Coming from a background in Greek philology, I was working as a copy-editor for publishers when in 2008 I had to deal with the lack of space for more books in my home. At that point I started looking for options to read digitally other than opening PDFs on my laptop.
This was a time that digital reading was starting to take off, particularly in the USA. In 2007 Amazon launched its first Kindle, a device with an e-ink screen for reading with no eye strain, and the international ebook format, EPUB, was standardized. The launch of the iPad and the tablet PC category of devices in 2010 and smartphones with larger and better screens gave digital reading more visibility and options.
Information on ebooks and digital publishing was sparse in Greek at the time and there were limitations in the support of the Greek language by the devices. In October 2008, I started blogging in Greek about my research on ebooks, e-readers and e-reading software and my own experience of reading ebooks. eAnagnostis, the name of my website, stands for “e-Reader” in Greek, implying both the device and the person reading digitally. In the following years e-reading started to gather pace in Greece. Since 2009 e-reading devices gradually became available in Greece too and, then, in 2010 there was an influx of ebooks in Greek and Greek bookstores to sell them for the first time. It was a moment of realisation that eAnagnostis could be a project interesting for the wider public too.
eAnagnostis was launched with readers in mind, but early on it covered the business aspects of the digital transformation of the book industry. Over the years, through an extensive corpus of text, audio and video and through public speaking, curating events and media presence, eAnagnostis has been providing reporting, analysis and insights into the Greek book market in its international context.
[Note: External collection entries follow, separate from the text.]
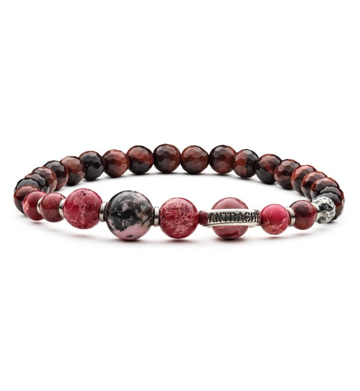 Bracciale elastico da uomo dedicato all’oroscopo in occhio di tigre rosso, diaspro rosso, rodonite e Argento Invecchiato 925%
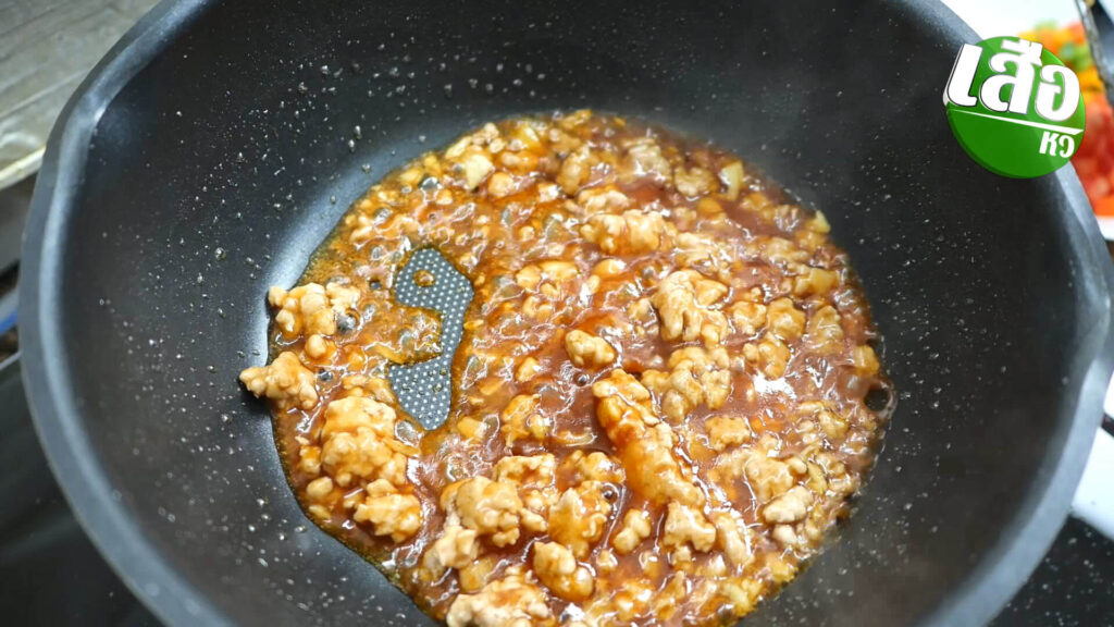 ใส่เ นื้ อหมู บ ดที่เราเตรียมไว้ลงไปผัดให้สุ ก
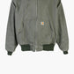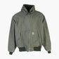 Vintage Carhartt Hooded Jacket in Green. Constructed with durable materials, this green Carhartt jacket features ribbed elements and an insulated interior.

What started as casual blogging and a side project in 2008 has led to a full-time job. Since 2013 I have worked in consulting, digital marketing and content development for Thinking, an Athens-based firm that offers digital services and products for the book industry, both in Greece and internationally.
The ebook is gradually becoming widespread in Greece although at a slower pace compared to other countries. Which are the main advantages it provides compared to the traditional book? Would you say that it could change reading habits?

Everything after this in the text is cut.